→ Assigned task
From the data underneath, reproduce exactly the stretch that begins at the line with "日向寺ハヤトにエルボー(左写" and ends after the line with "Discover’s approach succeeds".

→ Data in this exercise
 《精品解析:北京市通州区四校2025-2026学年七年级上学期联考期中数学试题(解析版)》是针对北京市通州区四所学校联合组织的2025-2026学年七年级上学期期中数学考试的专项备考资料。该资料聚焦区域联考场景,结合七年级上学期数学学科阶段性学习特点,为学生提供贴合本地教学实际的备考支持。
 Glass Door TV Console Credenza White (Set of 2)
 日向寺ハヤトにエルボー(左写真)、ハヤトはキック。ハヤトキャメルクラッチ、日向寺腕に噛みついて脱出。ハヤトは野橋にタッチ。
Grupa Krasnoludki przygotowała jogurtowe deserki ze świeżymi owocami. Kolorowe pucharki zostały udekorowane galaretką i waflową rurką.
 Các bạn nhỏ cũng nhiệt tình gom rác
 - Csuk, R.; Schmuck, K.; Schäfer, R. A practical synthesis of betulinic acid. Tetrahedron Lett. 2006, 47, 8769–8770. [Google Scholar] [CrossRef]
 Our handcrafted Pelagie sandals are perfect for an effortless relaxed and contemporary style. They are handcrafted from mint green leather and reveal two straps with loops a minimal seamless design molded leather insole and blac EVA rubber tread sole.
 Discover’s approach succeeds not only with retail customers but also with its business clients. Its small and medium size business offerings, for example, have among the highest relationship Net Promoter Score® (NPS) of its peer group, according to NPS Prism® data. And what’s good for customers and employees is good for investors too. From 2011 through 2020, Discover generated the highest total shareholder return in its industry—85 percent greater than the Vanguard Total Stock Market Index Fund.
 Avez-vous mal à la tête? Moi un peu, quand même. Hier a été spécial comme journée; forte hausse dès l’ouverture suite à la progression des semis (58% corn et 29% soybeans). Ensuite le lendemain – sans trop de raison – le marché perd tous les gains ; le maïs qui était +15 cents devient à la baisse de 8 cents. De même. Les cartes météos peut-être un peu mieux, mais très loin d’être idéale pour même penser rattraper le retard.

...

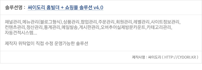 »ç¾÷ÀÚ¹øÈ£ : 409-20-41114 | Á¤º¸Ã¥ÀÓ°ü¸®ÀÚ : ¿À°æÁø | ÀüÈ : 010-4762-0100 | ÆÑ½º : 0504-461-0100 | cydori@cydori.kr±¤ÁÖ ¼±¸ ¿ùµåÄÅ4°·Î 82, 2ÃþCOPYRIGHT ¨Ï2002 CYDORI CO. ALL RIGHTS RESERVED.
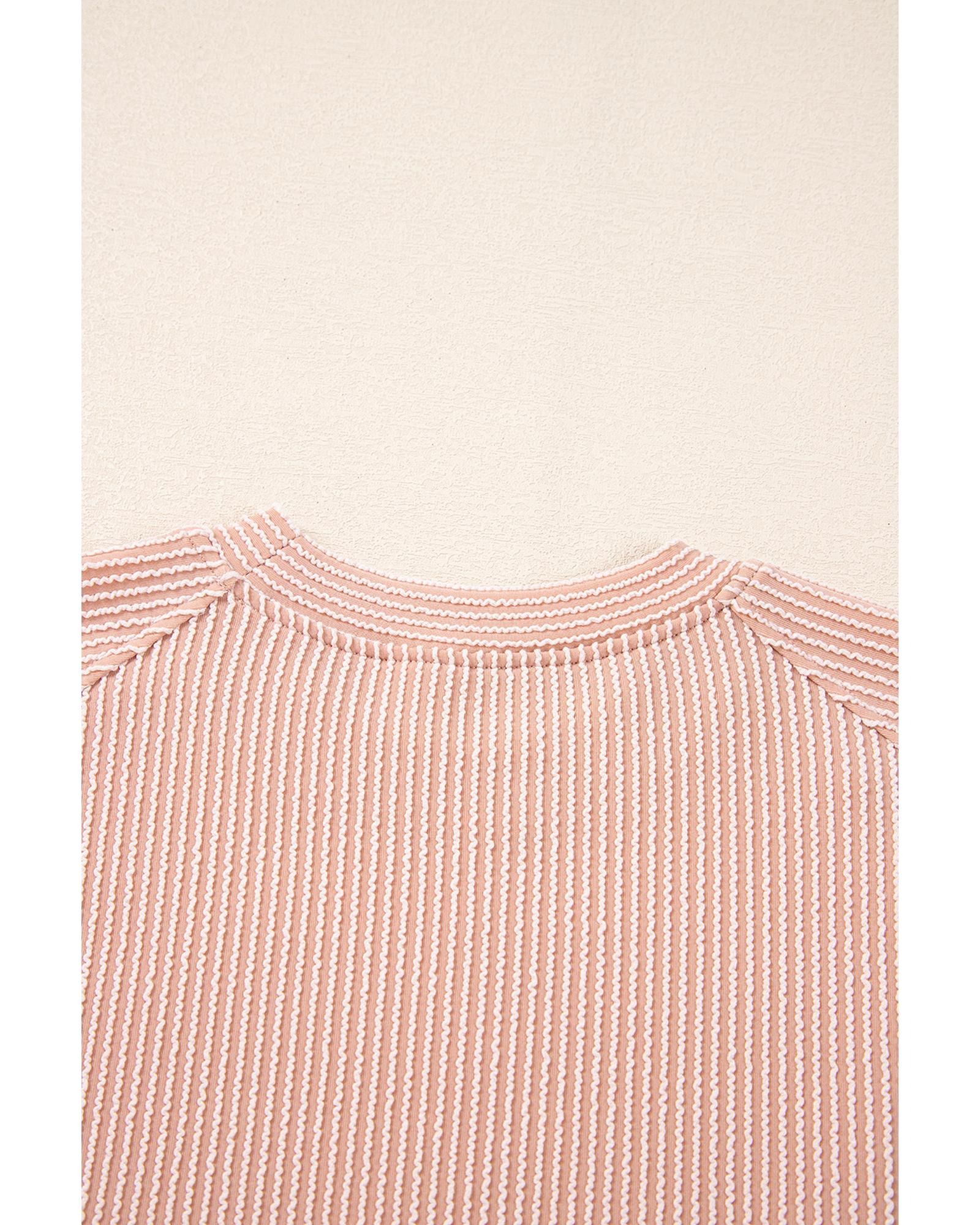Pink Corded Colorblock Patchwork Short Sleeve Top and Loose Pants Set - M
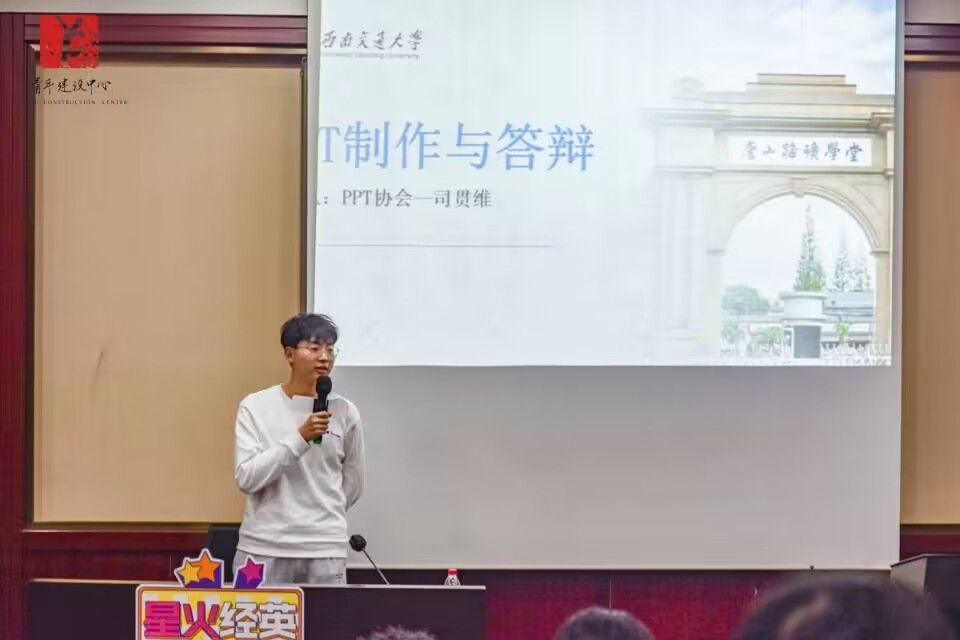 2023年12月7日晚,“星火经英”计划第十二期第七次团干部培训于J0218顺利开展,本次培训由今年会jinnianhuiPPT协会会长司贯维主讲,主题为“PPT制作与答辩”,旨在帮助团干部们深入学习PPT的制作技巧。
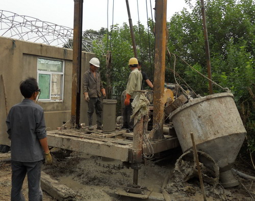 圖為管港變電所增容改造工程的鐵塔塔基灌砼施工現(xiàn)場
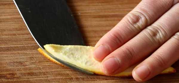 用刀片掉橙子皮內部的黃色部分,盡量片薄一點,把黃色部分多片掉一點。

→ The completed task
 日向寺ハヤトにエルボー(左写真)、ハヤトはキック。ハヤトキャメルクラッチ、日向寺腕に噛みついて脱出。ハヤトは野橋にタッチ。
Grupa Krasnoludki przygotowała jogurtowe deserki ze świeżymi owocami. Kolorowe pucharki zostały udekorowane galaretką i waflową rurką.
 Các bạn nhỏ cũng nhiệt tình gom rác
 - Csuk, R.; Schmuck, K.; Schäfer, R. A practical synthesis of betulinic acid. Tetrahedron Lett. 2006, 47, 8769–8770. [Google Scholar] [CrossRef]
 Our handcrafted Pelagie sandals are perfect for an effortless relaxed and contemporary style. They are handcrafted from mint green leather and reveal two straps with loops a minimal seamless design molded leather insole and blac EVA rubber tread sole.
 Discover’s approach succeeds not only with retail customers but also with its business clients. Its small and medium size business offerings, for example, have among the highest relationship Net Promoter Score® (NPS) of its peer group, according to NPS Prism® data. And what’s good for customers and employees is good for investors too. From 2011 through 2020, Discover generated the highest total shareholder return in its industry—85 percent greater than the Vanguard Total Stock Market Index Fund.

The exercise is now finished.